No pensaba quedarme mucho más en aquel mundo tan frío y tétrico. Pero había algo que me retenía, y no era aquel hombre. Era el conocimiento.
Un rato después de mi accidente, la calle comenzó a llenarse de monstruosas criaturas que compartían una sociedad común. Tras el susto inicial me detuve a investigar en sus actos, básicamente, en preparar una fiesta local llamada Halloween.

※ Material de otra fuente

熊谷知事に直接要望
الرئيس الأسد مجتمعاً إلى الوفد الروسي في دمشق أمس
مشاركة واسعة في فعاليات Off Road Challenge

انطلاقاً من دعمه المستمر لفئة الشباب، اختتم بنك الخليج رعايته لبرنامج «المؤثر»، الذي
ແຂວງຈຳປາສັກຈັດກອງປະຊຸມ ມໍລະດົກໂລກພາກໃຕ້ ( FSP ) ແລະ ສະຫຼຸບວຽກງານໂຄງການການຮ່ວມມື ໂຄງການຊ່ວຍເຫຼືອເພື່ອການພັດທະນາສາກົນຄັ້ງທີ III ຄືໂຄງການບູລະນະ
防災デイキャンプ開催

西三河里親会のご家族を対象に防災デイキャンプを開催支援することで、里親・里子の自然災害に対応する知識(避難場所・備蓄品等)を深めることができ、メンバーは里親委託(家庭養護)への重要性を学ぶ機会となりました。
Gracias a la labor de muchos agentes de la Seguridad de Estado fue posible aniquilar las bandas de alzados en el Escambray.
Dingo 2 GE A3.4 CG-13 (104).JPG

Amaneció un par de horas más tarde, cuando todas las personas, fueran vampiros con paraguas, licántropos, monstruos de las profundidades, payasos maquiavélicos y esqueletos seguían con su labor imperturbable.
Pero resultó curioso y desafortunado, que tratando de huir de todo aquel ajetreo, me chocara contra un abuelo en una silla de ruedas. O lo que me pareció, ya que lo que había sentado en ella, era un esqueleto blanco, como sílex pulido.

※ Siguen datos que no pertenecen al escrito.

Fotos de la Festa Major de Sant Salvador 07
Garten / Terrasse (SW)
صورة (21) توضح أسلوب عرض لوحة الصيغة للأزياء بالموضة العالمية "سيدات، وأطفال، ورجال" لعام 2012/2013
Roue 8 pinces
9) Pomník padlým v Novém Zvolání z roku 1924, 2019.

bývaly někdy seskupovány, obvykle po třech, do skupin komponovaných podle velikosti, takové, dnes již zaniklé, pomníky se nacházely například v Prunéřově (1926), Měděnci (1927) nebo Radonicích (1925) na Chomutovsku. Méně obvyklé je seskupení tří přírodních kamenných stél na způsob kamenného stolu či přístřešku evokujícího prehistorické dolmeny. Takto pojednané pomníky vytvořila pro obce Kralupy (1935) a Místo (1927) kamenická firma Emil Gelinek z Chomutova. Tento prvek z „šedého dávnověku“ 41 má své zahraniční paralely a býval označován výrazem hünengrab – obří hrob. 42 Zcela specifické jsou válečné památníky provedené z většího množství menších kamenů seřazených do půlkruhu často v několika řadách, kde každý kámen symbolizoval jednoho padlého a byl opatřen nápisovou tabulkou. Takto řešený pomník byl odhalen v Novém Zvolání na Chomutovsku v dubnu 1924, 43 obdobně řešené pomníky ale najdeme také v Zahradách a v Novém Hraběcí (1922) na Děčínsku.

Recuerdo que su voz era cascada, y apenas me extrañó; debía tener la garganta seca. Tenía la apariencia de científico, y él me lo confirmó un poco después, entonces, me ofreció la entrada a su casa, donde habían infinidad de libros.
Era una extraña para ellos, pero aquel personaje me había acogido como si perteneciera a aquel extraño mundo. ¿Mi apariencia no era tan terrorífica, no? Quizá habían sentido de alguna forma el licántropo en mí.
De las enormes y polvorientas estanterías, llenas de libros, calaveras y cosas que no me atreví a mirar muy de cerca; extraje con sumo cuidado un volumen al azar, algo grueso, pero en un estado inmejorable.
—¿Puedo ayudarte? —La voz a mi espalda fue tan imprevista, que solté el volumen, el cual cayó irremediablemente al suelo; sentí como se erizaban mis alas.
La dueña de la voz, una muñeca de trapo a escala humana, se encontraba posada en el marco de la puerta. Tenía las extremidades cosidas, la piel ligeramente verduzca y un asomo de curiosidad en la mirada. A su lado, envejecida y oscura casa de aquel abuelo en silla de ruedas, parecía bien construida a su lado. Carraspeé, recogiendo el libro del suelo.
—Pues… —vacilé, no muy segura—. Algo sobre… Quizás….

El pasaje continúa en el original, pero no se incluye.